Try it. Repeat every line of the data exactly, but not the pictures.

Dataset content.
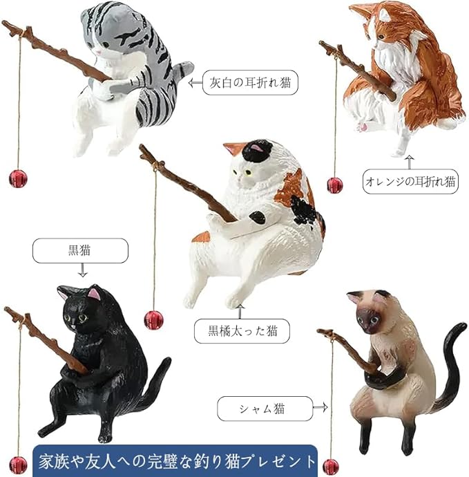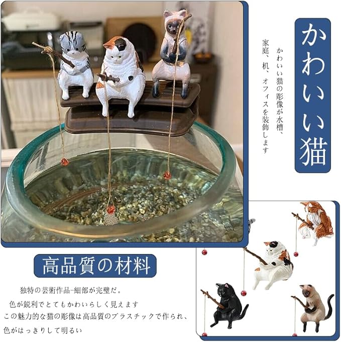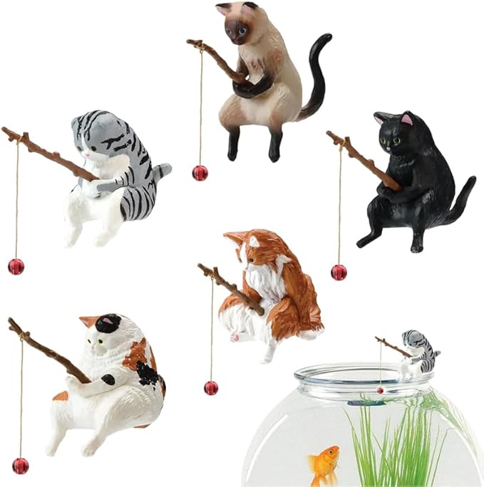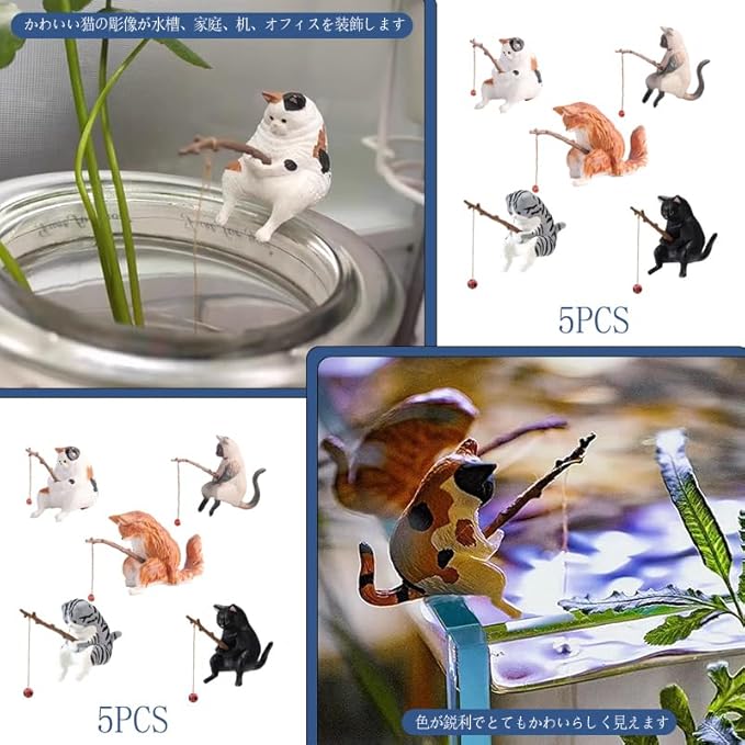 5個 釣り猫 置物 ミニ猫の像 水槽 オーナメント 子猫釣り置物 水槽造景 樹脂飾り 水槽用飾り 観賞 装飾品 水槽用アクセサリー 店舗飾り オブジェ 雰囲気を作る 家庭用 アクアリウム 用
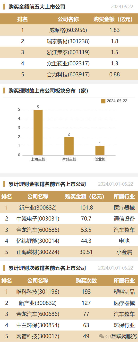 2024年05月22日,上市公司购买理财金额7.91亿元,共8家上市公司,理财产品9个,单笔最大投资期限365天。
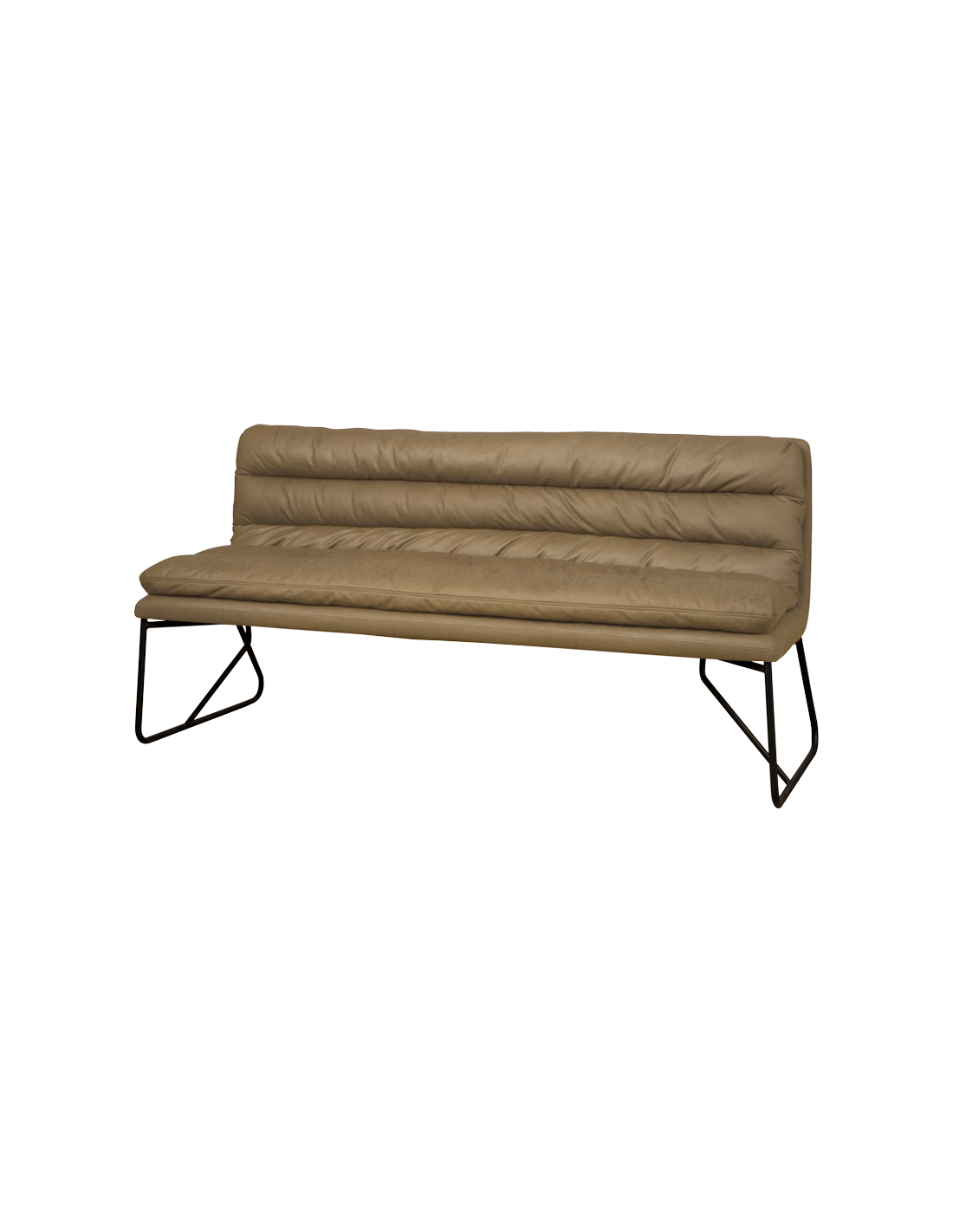 Spisebænk udført i et industrielt design af vintage grøn microfiber og stel i sortlakeret metal. Bænken måler 155 cm i bredden og 90 cm i højden og er polstret med højkvalitets skum.
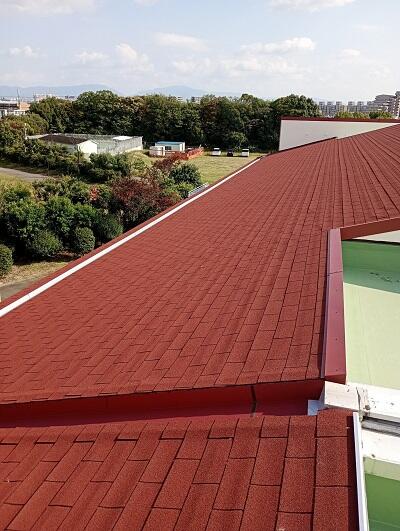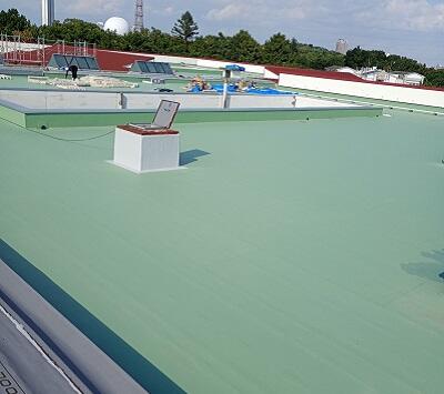 屋上の塩ビシートも施工が進んでおり、屋根がだんだんときれいに仕上がってきています。

Solved exercise.
 5個 釣り猫 置物 ミニ猫の像 水槽 オーナメント 子猫釣り置物 水槽造景 樹脂飾り 水槽用飾り 観賞 装飾品 水槽用アクセサリー 店舗飾り オブジェ 雰囲気を作る 家庭用 アクアリウム 用
 2024年05月22日,上市公司购买理财金额7.91亿元,共8家上市公司,理财产品9个,单笔最大投资期限365天。
 Spisebænk udført i et industrielt design af vintage grøn microfiber og stel i sortlakeret metal. Bænken måler 155 cm i bredden og 90 cm i højden og er polstret med højkvalitets skum.
 屋上の塩ビシートも施工が進んでおり、屋根がだんだんときれいに仕上がってきています。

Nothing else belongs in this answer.